While the focus on 2D is not prohibitive of 1D applications, improvements in the field which stem from leveraging the structure of images may not translate well into any given 1D use case.

So when might the need for 1D semantic segmentation arise, and how can it be applied?

## "1D"

Foremost let us clarify "1D". In this context we refer to "1D" similarly as to how images are "2D" i.e. we view the image with a given width ( $w$, $d_1$) and height ( $h$, $d_2$), but images also consist of at least 1 (and commonly 3) channels ( $c$, $d_3$) conveying color information (thus $w\times h \times c$).

Thus "1D" is a multi-channel sequence and semantic segmentation is analogous in aim to compressive sensing or detection theory.

## Example

An example of when 1D semantic segmentation may be preferable to traditional signal detection methods can be found in biology. Two common sequences found in biology are those of amino-acids and those of DNA of which I will be considering the latter for this post. DNA - from a sequence standpoint - is (generally) made up of four characters (nucleotides or NT): A, C, T, and G. Further, a DNA sequence can be encoded - via one-hot encoding - into an $n\times4$ matrix.

While the $n\times4$ matrix could be treated as a single channel image ( $n\times4]times1$), for $n>>4$ the common set-up of $3\times3$ convolutional kernels (for 2D-CNNs) makes less sense.

As for using a Recurrent Neural Network (RNN) such as something with a Long-Short Term Memory (LSTM) module, given that the human genome is over 3 billion NT, that doesn't work so well either if we leave the sequence unaltered.
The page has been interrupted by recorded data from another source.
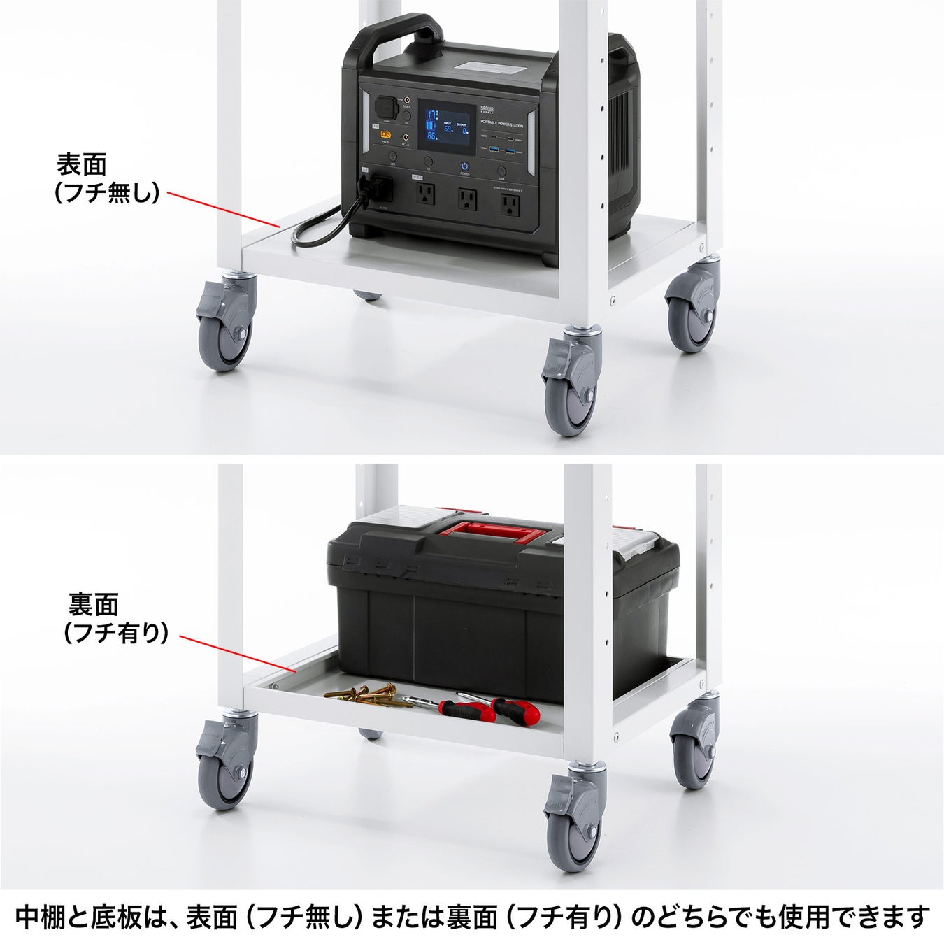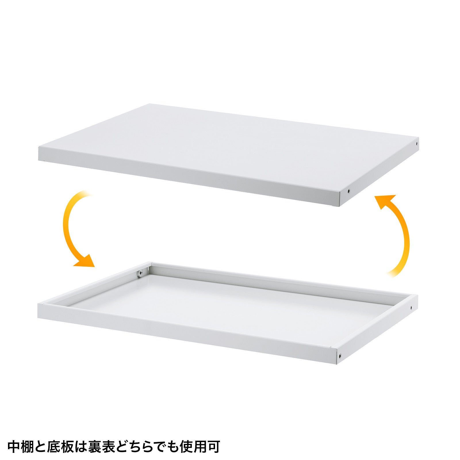 中棚と底板は、組み立て時にフチなしの棚、またはフチありのトレイ状に設定可能です。用途に合わせて設定できます。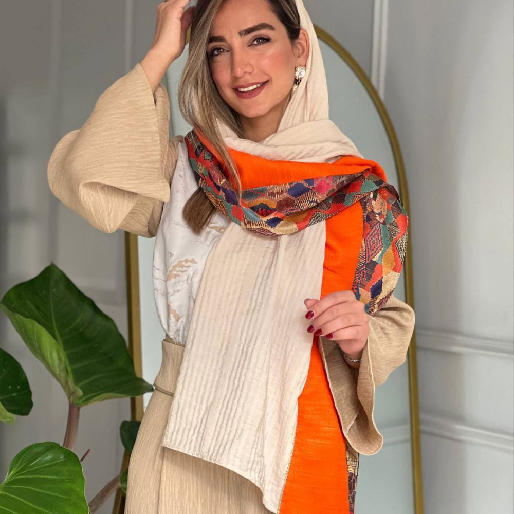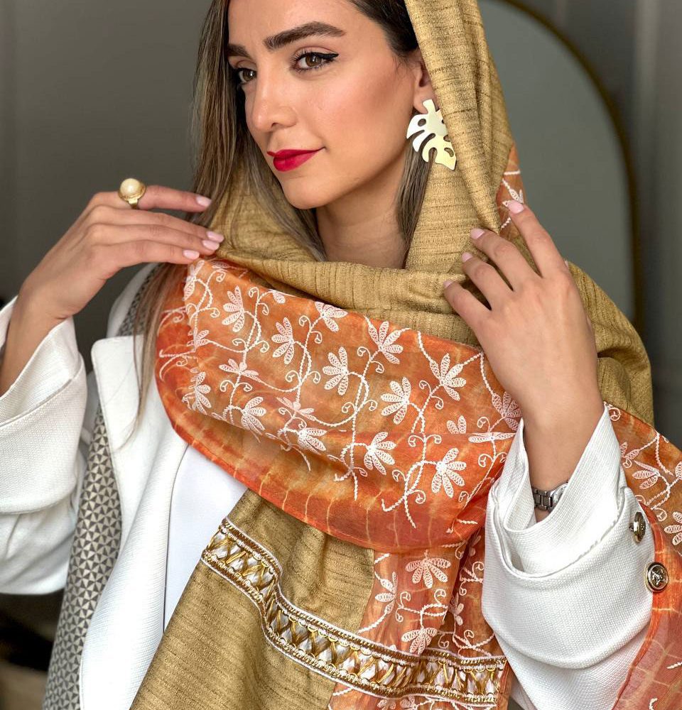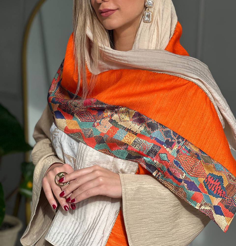 شال وارداتی پاییزه – زمستانی همراه با پولک دوزی و اکسسوری زیبای اسلیمی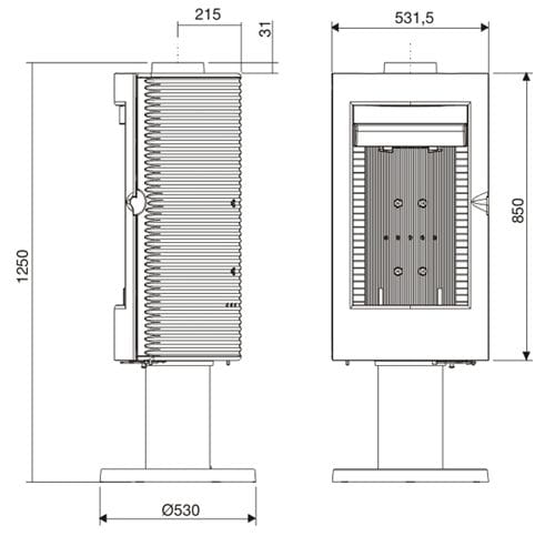 Model ten posiada system czystej szyby, działający na zasadzie kurtyny powietrznej. Komora paleniska jest standardowo wyposażona w deflektor, ruszt, popielnik oraz ogranicznik drewna. Piec jest objęty 5-letnią gwarancją producenta.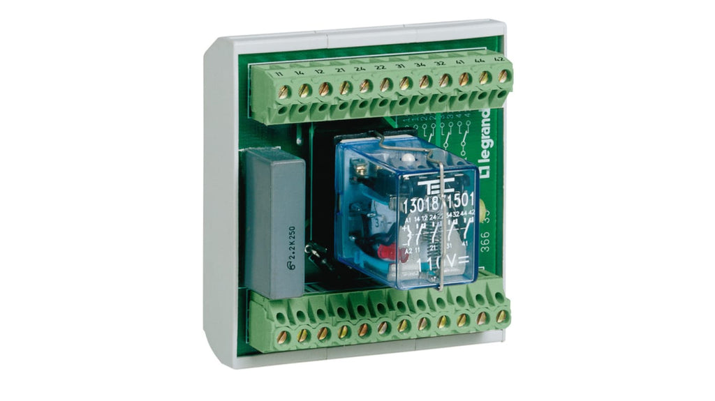 Modulo di segnalazione e centralizzazione guasti Legrand, 4 contatti di commutazione, montaggio su guida DIN, 9 ingressi, tensione di funzionamento 24 V c.a. o 48 V c.c. Codice costruttore 0 366 35.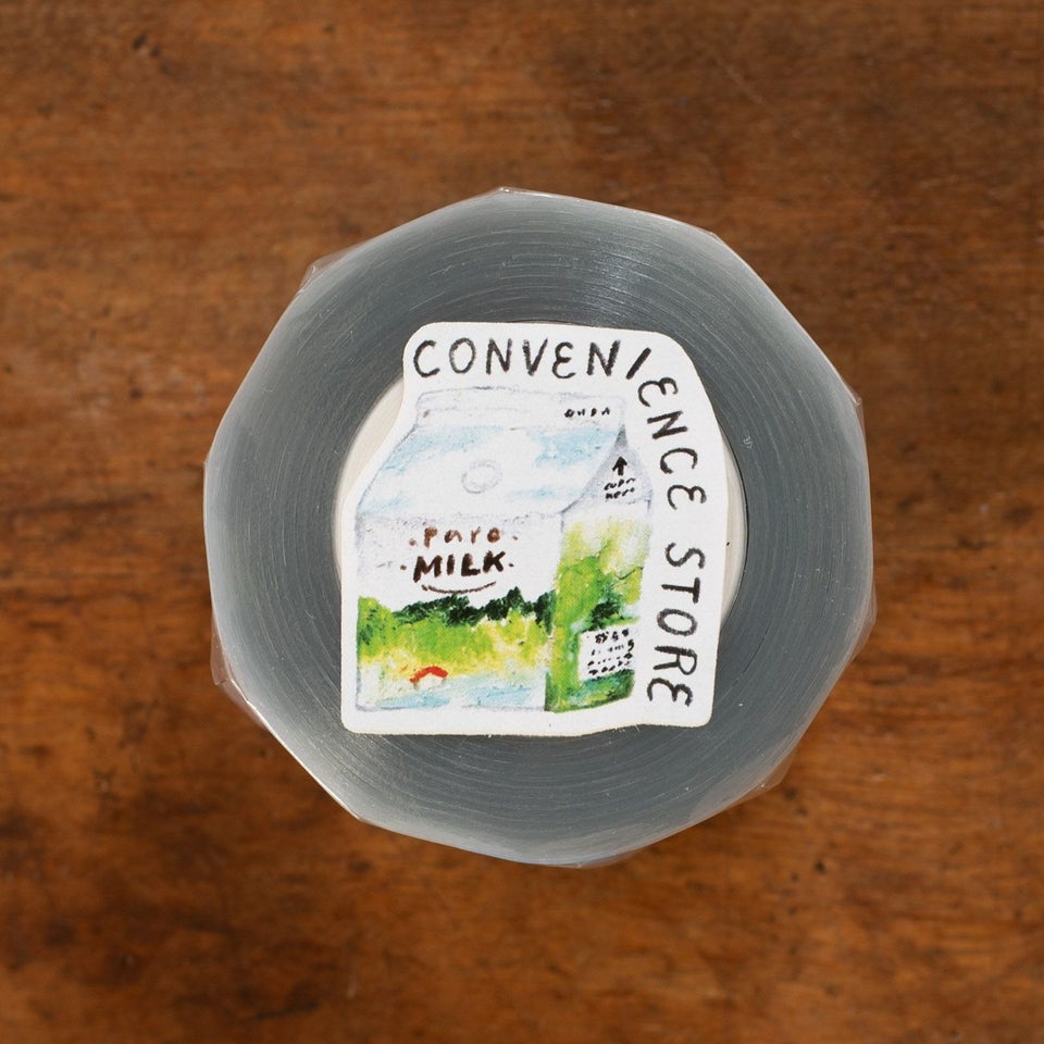 「Convenience Store」は、日本のコンビニのおいしいがそのまま小さなアートになった、愛らしいPETテープ。おにぎりや菓子パンなど、誰もが一度は手に取ったことのある定番アイテムが、やわらかなパステルカラーで描かれています。透明素材をいかして、重ねて貼れば奥行きが生まれ、好きなモチーフを切り取れば、アレンジの幅がぐんと広がります。手帳やカード、ラッピングに添えるだけで、見慣れたコンビニの風景が、ちょっと特別でかわいい世界に生まれ変わるアイテムです。
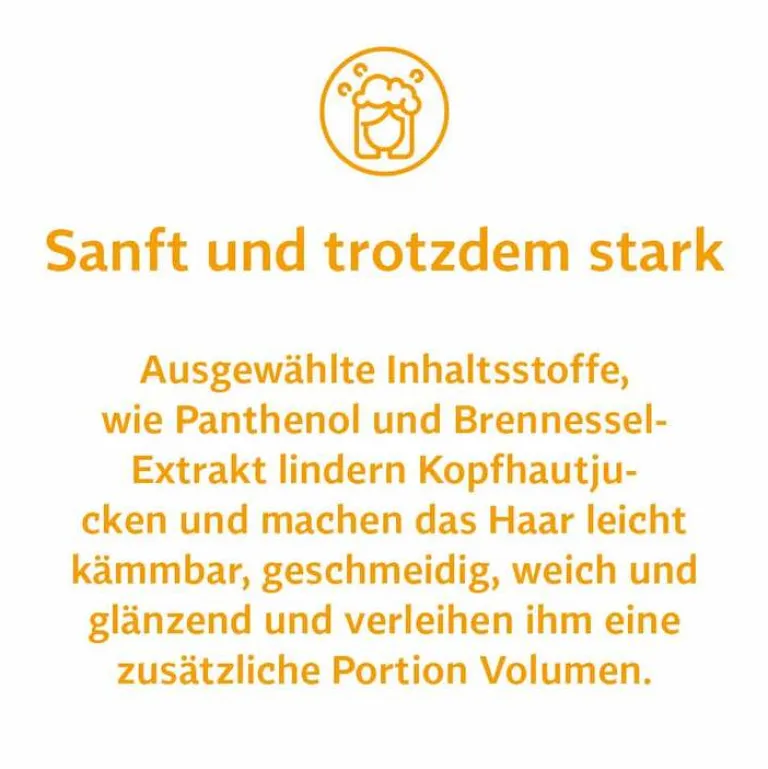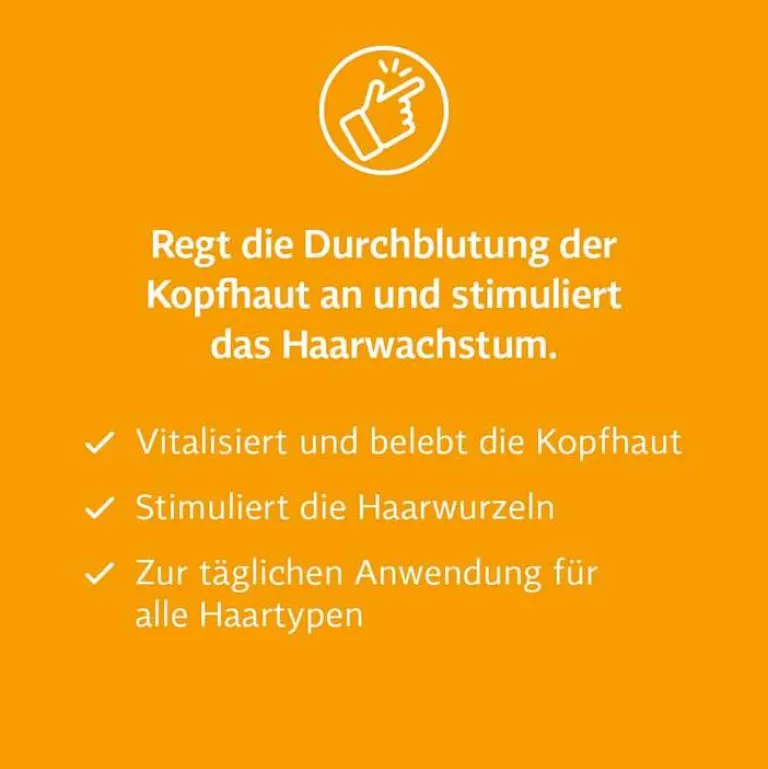 Je nach Haarlänge eine haselnuss- bis walnussgroße Menge auf die Hand geben, gleichmäßig auf der Kopfhaut verteilen und mit den Fingerspitzen einmassieren. Kurz einwirken lassen und sehr gründlich ausspülen.

Thus it makes more sense to break up the sequence into fixed-length chunks (e.g. 300 NT), where the length chosen is large enough to contain the features one wishes to label. These chunks could be fed into a LSTM, but here we will continue exploring 1D semantic segmentation.

# Code

For 1D semantic segmentation, I started by adapting the Ademxapp Model A1 Trained on Cityscapes Data architecture:

ReferenceModel = NetModel["Ademxapp Model A1 Trained on Cityscapes Data"]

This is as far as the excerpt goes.